Но прямая речь по преимуществу не повторяет отдельные моменты прямого повествования, а является одним из существенных его звеньев. Монологи и диалоги непосредственно служат средством движения повествования, им придан динамический характер. Этой функции в особенной степени соответствует своеобразная форма, которую можно назвать «условно прямой речью». Лучше всего показать это на примере. В третьей песне рассказывается, как Вуа-ни-Мосе-Уава после своего отказа от сделанного ей брачного предложения спешит к себе и начинает готовиться к бегству. Описание ее сборов, бегства вплоть до появления в деревне Укуна дается через ее собственную речь. Этот рассказ, детальный и вместе с тем чрезвычайно динамический, занимает в песне 56 стихов. При этом в нескольких пунктах он перебивается прямым повествованием от имени певца — в тех местах, где меняется характер действий героини (перед тем как начинается само бегство; после того как девушка заходит в одну из деревень и оставляет ее; в момент, когда она должна поесть, и др.).
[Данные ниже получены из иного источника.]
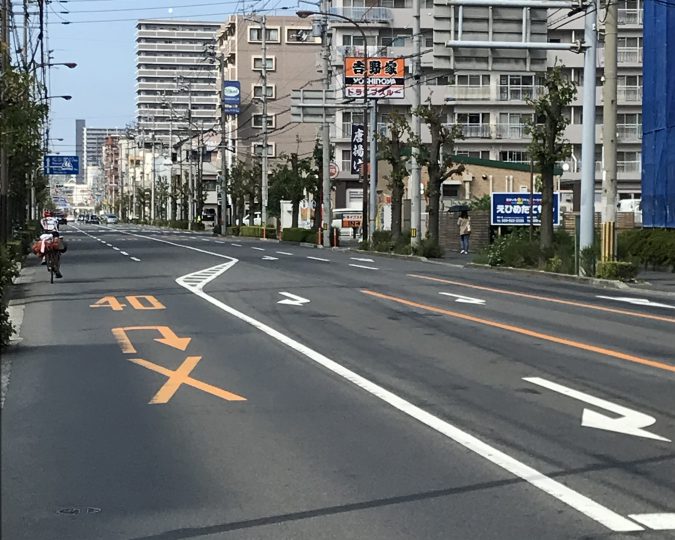県道187号線(松山市道後姫塚)の安全対策として路面表示を推進しました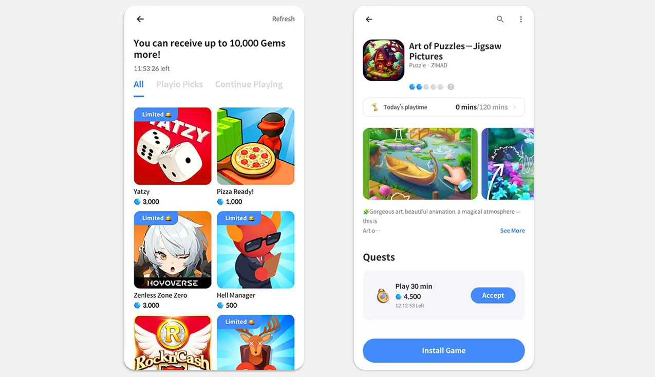 Playio’s unique action-based reward system helps game companies to acquire new game users

Рассказ о том, что происходит с героем, от лица самого героя — характернейшая особенность повествовательной структуры фиджийских песен. Певец время от времени — систематически и довольно часто — как бы передает слово самим героям, чтобы они продолжили повествование. При этом они говорят только о себе, и каждая фраза начинается или кончается местоимением «я».
В редких случаях в такое повествование включается и собственно прямая речь — просьба или требование, с которыми герой обращался к другим лицам:
Переход от прямого повествования к «условно прямой речи» и обратно никогда специально не подготавливается и не оговаривается.
Можно обратить внимание лишь на то, что повествовательная и «условно прямая речь» различаются здесь в грамматическом времени (в английском тексте соответственно — Present Indefinite и Past Indefinite). Это различие проходит, очевидно, через все песни. Таким образом, можно допустить, что «условно прямая речь» — это как бы воспоминание героя о случившемся с ним, в то время как повествовательная речь чаще всего одновременна с описываемым. Разумеется, различия эти вполне условны, но остается вероятным предположить, что в более древней основе они имели какой-то смысл.
Герои и даже второстепенные персонажи вводятся в повествование без каких-либо специальных объяснений и характеристик. Эпитеты как один из способов индивидуальной или общеэпической характеристики действующих лиц в фиджийских песнях отсутствуют. Из песен трудно выяснить и отношения между персонажами: родственные, социальные и т. д. Например, нигде прямо не говорится, что На-Улу-Матуа — вождь сьетура, что Вусо-ни-Лаве — его сын. Это правило нарушается лишь изредка. В целом же песни строятся таким образом, что основной общий комплекс сведений о персонажах находится как бы где-то за пределами текстов и предполагается известным. Для непосвященных же в эпических песнях много загадочного. Характерно, что Б. X. Квейну удалось составить весьма подробный комментарий, касающийся эпических персонажей и их взаимных отношений, опираясь на внетекстовую информацию, которую он получил от фиджийцев.
Категория времени в фиджийских песнях носит вполне эпический характер. В повествовании не отражаются реальные представления о времени, и течение его фиксируется вполне условно. С другой стороны, как и вообще {138} в известной нам эпической традиции, равномерное течение времени предполагает однотонное движение событий, отсутствие каких-либо перемен в этом движении.